# Hace dias que no sé nada de ti



## eliyong

Hola:Quisiera traducir un email para mi primo que vive en españa al idioma Catalan.

Hola:Jorge

Como estas? Dime del trabajo?
Hace dias que no se nada de ti, yo se que estas muy ocupado pero haz aunque sea unas lineas para saber de ti.

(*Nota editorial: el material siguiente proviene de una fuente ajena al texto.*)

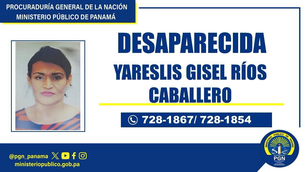 En Chiriquí, a través de la Personería Municipal de Boquerón, se inició una investigación por la desaparición de la ciudadana Yarelis Gisel Ríos Caballero, con cédula de identidad personal 4-722-1225, de la cual se desconoce su paradero desde el pasado mes de mayo del 2025.

Cuidate mucho y recurda que te quiero. 

Besos

Tu Prima Elisabeth


----------



## ursu-lab

Hola Jordi, com va tot? I la feina? Fa dies que no tinc notícies teves. Sé que estàs molt enfeinat però contesta'm, encara que només siguin unes poques línies.  
Cuida't molt i recorda't que t'estimo.

Petons

La teva cosina Elisabeth


----------



## eliyong

Muchas gracias por tu ayuda.

Saludos desde Cuba Eli.


----------



## eliyong

Me gustaria que me ayudaras a traducir este mensaje de Catalan a Español:

acho me agradat molt gue parle una migueta catala to va be an tu adeu maca fin dema 


Saludos
 
 
Eli


----------



## Agró

eliyong said:


> Me gustaria que me ayudaras a traducir este mensaje de Catalan a Español:
> 
> acho me agradat molt gue parle una migueta catala to va be an tu adeu maca fin dema
> 
> 
> Saludos
> 
> 
> Eli



Corregido:
Això m'ha agradat molt, que parlis una miqueta català, tot va bé amb tu, adéu, maca, fins demà.

Traducción:
Eso me ha gustado mucho, que hables un poco (de/en) catalán, todo va bien contigo, guapa, hasta mañana.


----------



## panjabigator

No s'utilitzaria 'maja' aquí en castellà també?


----------



## Agró

panjabigator said:


> No s'utilitzaria 'maja' aquí en castellà també?


Depèn del grau de familiaritat, però sí, es podria fer servir.


----------



## eliyong

Muchas gracias por haberme ayudado a traducir este mensaje.

Saludos desde Cuba Elisabeth


----------